Recent rains have been quite timely for most crops in the Texas Coastal Bend and accumulation of degree days for crops are currently running near normal.
Cotton for the most part began bloom the first week of June and at that time was at the stage of about seven to nine nodes above white flower, which sets the crop up for a good fruit load. This season we have seen heavy pressure from fleahoppers, but with the rainfall and fruit set, a good cotton crop is in the making.
As we look at the vigor of the cotton plant, we should measure both the height and node number of several cotton plants and calculate the ratio of height to nodes by dividing. This ratio indicates the amount of stress, or lack of stress, that a cotton plant has encountered. In other words, the number of nodes is the age of the crop, and the height is an indicator of stress encountered. If the crop is too tall during early bloom (height to node ratio above 2), use of a growth regulator such as mepiquat chloride or PIX may be needed. Many local fields are showing signs of excellent vigor and need some growth regulator.

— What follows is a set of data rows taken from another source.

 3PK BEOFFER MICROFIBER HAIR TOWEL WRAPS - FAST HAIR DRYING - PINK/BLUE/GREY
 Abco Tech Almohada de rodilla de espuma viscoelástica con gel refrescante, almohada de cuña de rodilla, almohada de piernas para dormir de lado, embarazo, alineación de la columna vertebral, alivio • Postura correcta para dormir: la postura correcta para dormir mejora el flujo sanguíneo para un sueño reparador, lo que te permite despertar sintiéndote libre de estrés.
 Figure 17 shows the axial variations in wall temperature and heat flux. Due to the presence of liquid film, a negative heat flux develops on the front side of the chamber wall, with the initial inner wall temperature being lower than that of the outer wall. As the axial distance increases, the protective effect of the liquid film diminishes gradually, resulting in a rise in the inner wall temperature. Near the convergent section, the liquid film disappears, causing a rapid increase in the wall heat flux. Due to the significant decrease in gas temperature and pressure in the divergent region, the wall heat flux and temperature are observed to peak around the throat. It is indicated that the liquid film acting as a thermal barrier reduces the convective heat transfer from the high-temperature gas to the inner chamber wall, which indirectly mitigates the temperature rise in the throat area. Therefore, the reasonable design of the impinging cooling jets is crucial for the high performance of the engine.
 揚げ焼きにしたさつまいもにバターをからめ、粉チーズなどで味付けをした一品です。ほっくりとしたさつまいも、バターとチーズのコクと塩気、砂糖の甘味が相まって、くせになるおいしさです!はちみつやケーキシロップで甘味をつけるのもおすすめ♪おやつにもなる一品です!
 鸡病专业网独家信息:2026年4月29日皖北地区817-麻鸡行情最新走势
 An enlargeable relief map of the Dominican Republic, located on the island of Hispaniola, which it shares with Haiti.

Grain sorghum development is highly variable ranging from the grain turning color to just emerging from the boot stage. Again, with the excellent soil moisture, the yield potential for our grain crop is very good. Stink bugs have been a problem and midge will soon be an issue for later maturing fields.
Continue to scout for the rice stink bug until sorghum reaches the hard dough stage. A good rule-of-thumb for rice stink bug control is to implement control measures when you have one rice stink bug on every two heads.

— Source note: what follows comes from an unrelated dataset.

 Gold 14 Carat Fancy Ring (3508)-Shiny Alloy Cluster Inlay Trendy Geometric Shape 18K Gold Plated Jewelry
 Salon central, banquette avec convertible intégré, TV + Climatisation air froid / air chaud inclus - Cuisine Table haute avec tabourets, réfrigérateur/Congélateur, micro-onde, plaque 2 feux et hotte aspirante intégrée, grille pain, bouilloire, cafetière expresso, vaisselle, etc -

Most damage by the sorghum midge occurs in sorghum that blooms three to four weeks later than other fields in a particular area, and we are approaching that time now. Consider control when midge numbers exceed one per head. Closely inspect heads in the yellow anther area for the midge. It takes about nine days for all florets on a head to pollinate with the 2nd through the 6th day the most important for an individual head.
Other insects to watch for on sorghum are the headworms (corn earworm and fall armyworm).